W = VectorSpace(QQ, 9)
V = W.subspace([
W([1, 0, 2, 2, 0, 4, 4, 0, 10])
, W([0, 1, 1, 3, 3, 2, 3, 2, 5])
, W([1, 2, 4, 8, 6, 8, 10, 4, 20])
, W([1, 2, 0, 4, 10, 0, 6, 20, 0])
, W([0, 1, 3, 3, 5, 10, 9, 10, 11])
, W([1, 4, 6, 10, 20, 20, 24, 40, 22])
, W([1, -1, 1, -1, -3, 2, 1, -2, 5])
, W([0, 1, -2, 1, -2, 0, 4, 0, 4]) ])
v9 = W([0, 0, -2, 0, 4, -2, 12, 8, -18])
v9 in V
And we obtain the information:
sage: v9 in V
False
Well, in this case... we could also have the decision searching for it in the first approach...
M = matrix(QQ, [v1, v2, v3, v4, v5, v6, v7, v8])
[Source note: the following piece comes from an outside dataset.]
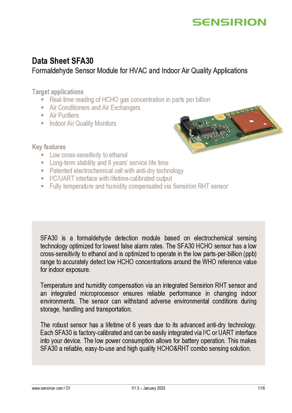 SFA30 - Formaldehyde sensor with ultra low cross-sensitivity to ethanol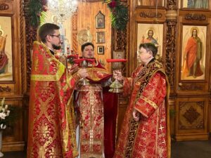 Ему сослужили: ключарь собора иерей Иоанн Толмачёв, протодиакон Александр Якушев и диакон Кирилл Нарушин.

N = matrix(QQ, [v1, v2, v3, v4, v5, v6, v7, v8, v9])
And we ask for the ranks:
sage: M.rank()
5
sage: N.rank()
6
So adding v9
the space gets a higher rank, no chance to linearly write v9
in terms of the other vectors...
This is maybe a good point to rethink your strategy of using computer algebra systems like sage. Always do the job in the mathematical world, then if this world needs the computational support, then ask questions one by one, is the last vector in the right space, how can one test this, if it is there, how to get in the special case a linear combination... You do not provide any information on the problem (source, level, country where it was stated, kind of examination of exercise book...) - this make every answer a (typing) pain. Please always give all you have, all you tried, all your thoughts. This makes answering the question or giving the one-line-hint much much easier.